Варавва даже вздрогнул.
— Посредственность, как и трусость, всегда найдет себе утешение, — продолжал Педрильо. — «Натурально, мы любим прошлое. Иначе и не бывает. Звезды успевают погаснуть, пока до нас доходит их свет». Что ж, годится в утешные речи тем, которые, по собственному признанию, любить умеют только мертвых. Да еще с опозданием в сотню лет.
Стилизованный удар кувалды о подвешенный рельс возвестил о начале табльдота. На вопрос, спустится ли она к обеду, Блондхен сказала, что предпочитает перекусить у себя.
— В таком случае, капитан, нам как всегда: ростбиф, икра, крутые яйца, тартар. И прикажите подать вина из папского замка.
— Да пускай перед каютой моей души тоже оставят как всегда: немножко мюслей с заварным кремом… Капитан, я все хотела у вас спросить, что это за книга?
— Это не книга, мадемуазель. Это еще один альбом с фотографиями, здесь уж совсем старые: Аменхотеп, царица Тия, виды Содома, Лот со своим семейством.
— Непристойности?
— Если и да, то не в том смысле, какой вы вкладываете в это слово.

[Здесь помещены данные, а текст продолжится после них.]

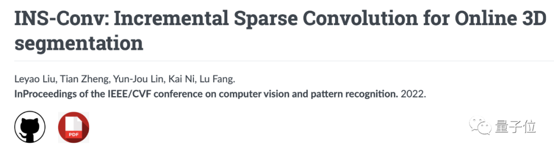 @inproceedings{liu2022ins,  title={INS-Conv: Incremental Sparse Convolution for Online 3D Segmentation},  author={Liu, Leyao and Zheng, Tian and Lin, Yun-Jou and Ni, Kai and Fang, Lu},  booktitle={Proceedings of the IEEE/CVF Conference on Computer Vision and Pattern Recognition},  pages={18975--18984},  year={2022}}   br
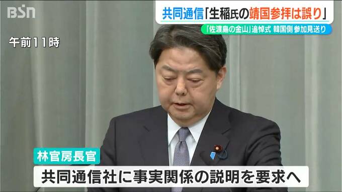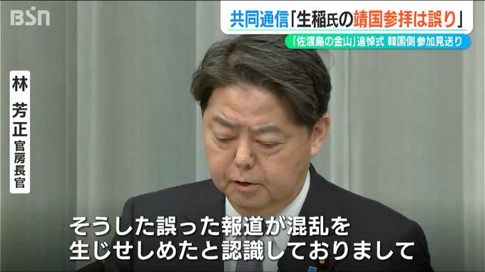 また林官房長官は会見の中で、「事実に基づかない報道がなされたこと、また、『佐渡金山の追悼式』について、そうした誤った報道が混乱を生じせしめたと認識しておりまして、極めて遺憾であります」とも述べています。
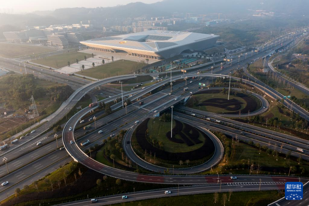 12月16日拍摄的西部(重庆)科学城“中国重庆·科学会堂”(无人机照片)。
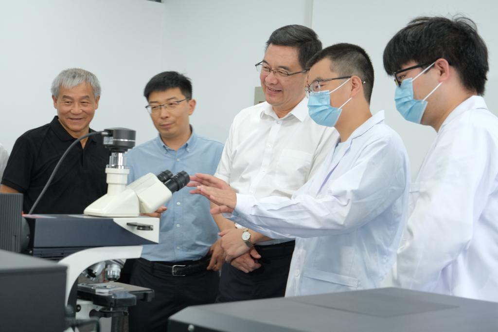 7月14日上午,绍兴市委书记盛阅春一行来我校调研微机电系统浙江省工程研究中心建设发展情况。盛阅春实地踏看了微机电系统浙江省工程研究中心研发场地、制造及检验检测设备,不时听取学院和中心负责人汇报,与高层次人才亲切交流,了解中心的研究近况。调研中,国家级专家张维加教授介绍了他最新的研究成果—基于无损传感的黄酒品质检验检测技术等。工程研究中心首席科学家、我校特聘教授王跃林向盛阅春汇报了中心的研究概况并介绍了中心全力配合绍芯实验室建设的相关情况。
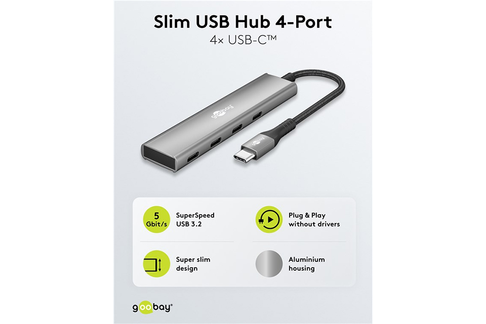 4-port USB hub slim med kabel (USB-C, 5 Gbit/s) GB-76564: 4-port USB hub slim med kabel (USB-C, 5 Gbit/s)
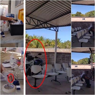 No vídeo, é possível ver pacientes aguardando e sendo atendidos no mesmo espaço, sem qualquer privacidade, enquanto outros observam a coleta de sangue sendo feita. Em determinado momento, é possível notar que um dos profissionais realiza o procedimento com um dos dedos fora da luva, tocando os tubos de sangue — o que pode gerar riscos de contaminação tanto para o profissional quanto para os pacientes e pasmem o espaço é dividido com uma motocicleta estacionada no mesmo local. Vejam fotos abaixo.
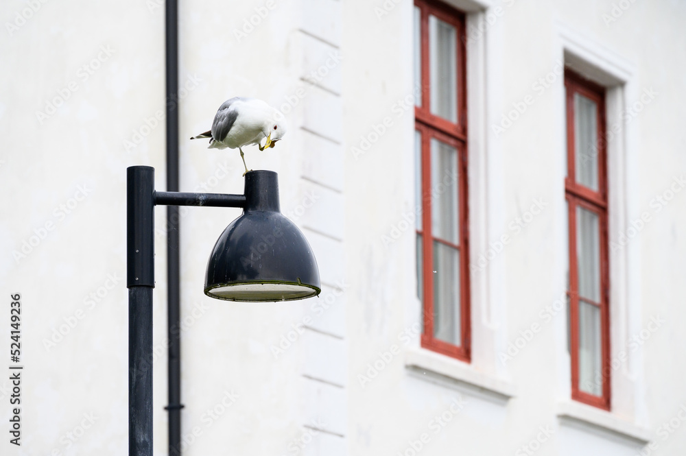 Fototapeta Seagull perched on a lamp post outside the school barracks of the historic Oscar

Ваши милости при желании могут отряхнуть пыль веков от хартий. Я же пойду пожую чего-нибудь.
Но как раз жевать-то он и не мог. С началом плавания что-то стряслось с его разбойничьими зубами. С виду тридцать три богатыря, а попробуй надави… раскаленная чешуя!

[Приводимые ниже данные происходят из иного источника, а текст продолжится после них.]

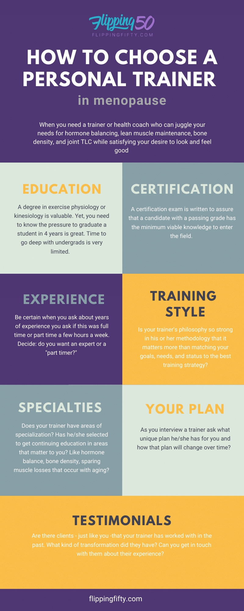 Women in midlife deserve better. This post is an update from an earlier post I felt called to write after coming across a very disturbing post from a (male) personal trainer online. In this update, I provide a detailed list of questions and infographic to remind you what you really should ask a trainer or
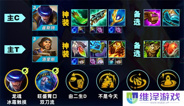 主C崔斯特:技能拥有混合伤害+控制,蓝牌回血、红牌AOE、黄牌单体点控,需要高攻速快速释放技能,成为全场输出核心。
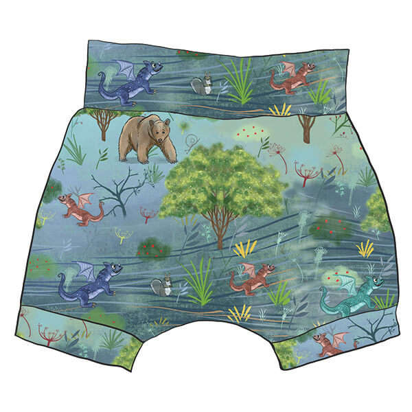 Our super comfortable Enchanted Forest Dragons Harem is perfect for children in nappies. They features a yoga waistband and ankle cuffs for added comfort for your little ones.
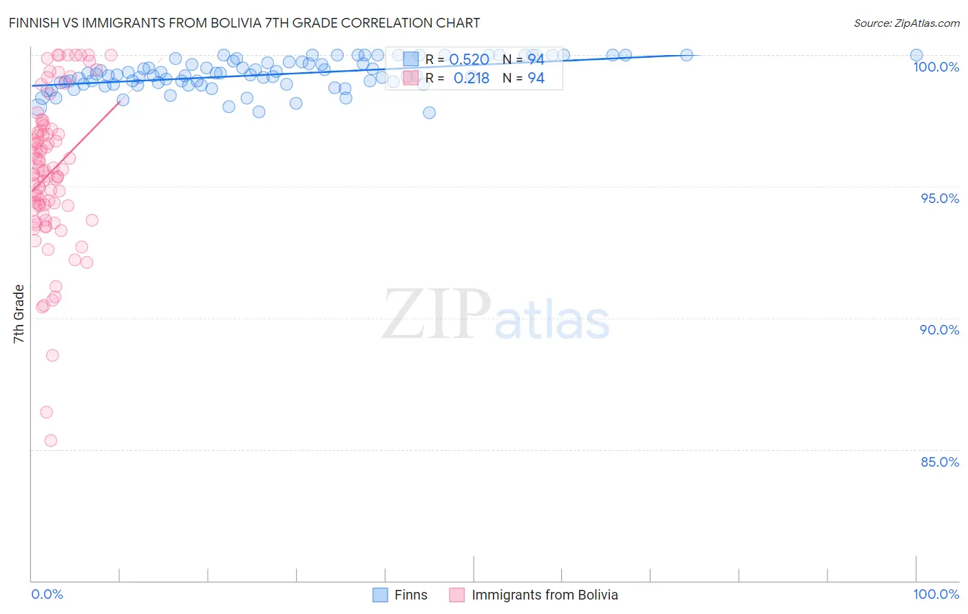 Finnish vs Immigrants from Bolivia 7th Grade Correlation Chart
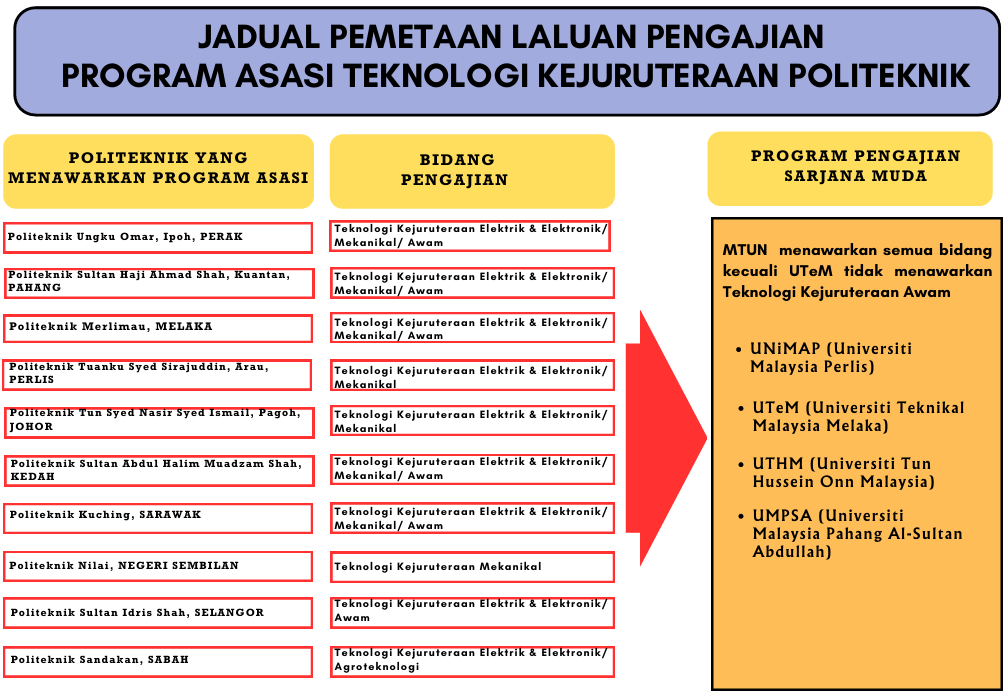 Bagi memperluaskan lagi capaian dan impak program ini, sebanyak lima (5) institusi tambahan akan mula menawarkan Program Asasi Teknologi Kejuruteraan bermula Sesi I 2025/2026, menjadikan keseluruhan sebanyak sepuluh (10) institusi pelaksana di seluruh negara.
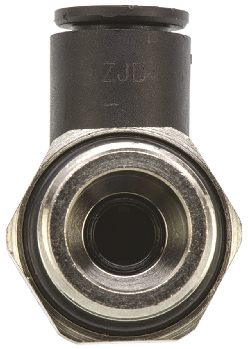 This is Pneumatic Elbow Threaded-to-Tube Adapter G 3/8 Male Push In 8 mm manufactured by Legris. The manufacturer part number is 3199 08 17. It has a 90° angle . It features 20 bar maximum operating pressure. The product is available in inline configuration. While the connector B is push in 8 mm. Whereas, the minimum operating temperature of the product is -20°c. The connector A is g 3/8 male connector. Moreover, its thread is made up of nickel plated brass material . The threaded connection is g 3/8 male. The product has a threaded-to-tube style. The product's body is nicely designed from glass reinforced nylon materials. The product has a lf3000 manufacturer series. The pneumatic fitting is a elbow threaded adaptor. It has a maximum operating temperature of +80°c. It includes a swivel connection .
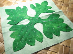 パターンは エリザベス・ルートさんの『The Pillows to Patch Quilt Cillection...the Hawaiian Way』より 『Breadfruit』 です

— Общее воспаление надкостницы, — сказал Ларрей и назначил полосканье солью.
Варавва знал, что Ларрей никакой не врач, но все равно выпонял предписание — он ведь тоже никакой не капитан.
Он посмотрелся в зеркальце над умывальником. Оскалил зубы, оттянул книзу веки. Ни с того ни с сего подумалось, что пора отстегнуть воротник и вымыть шею.
Антрепренер Бараббас…
А ведь был не последним в Огороде. Педрильо его обыгрывает, как щенка. И средств нет никаких — то же что с зубами. «Я не приемлю настоящего, не приемлю вашего мира. Я радостно остаюсь в прошлом. Но, возможно, форма моего неприятия — это ваше будущее». Какое просветление! Сто очков из ста. Но тут дьявол все оборачивает прерванным кадансом, а дальше ты в его тональности, где он уделывает тебя — действительно как бобика. Главное, не получилось настоящее скомпрометировать — что всегда проще простого. Настоящее — значит низкое. Кто процветает в настоящем ? Конъюнктурщики да новые русские. Настоящее «стучит кулаком по столу». А он, гляди, как повернул. Настоящее — это у него вневременное, прибежище души. И привет.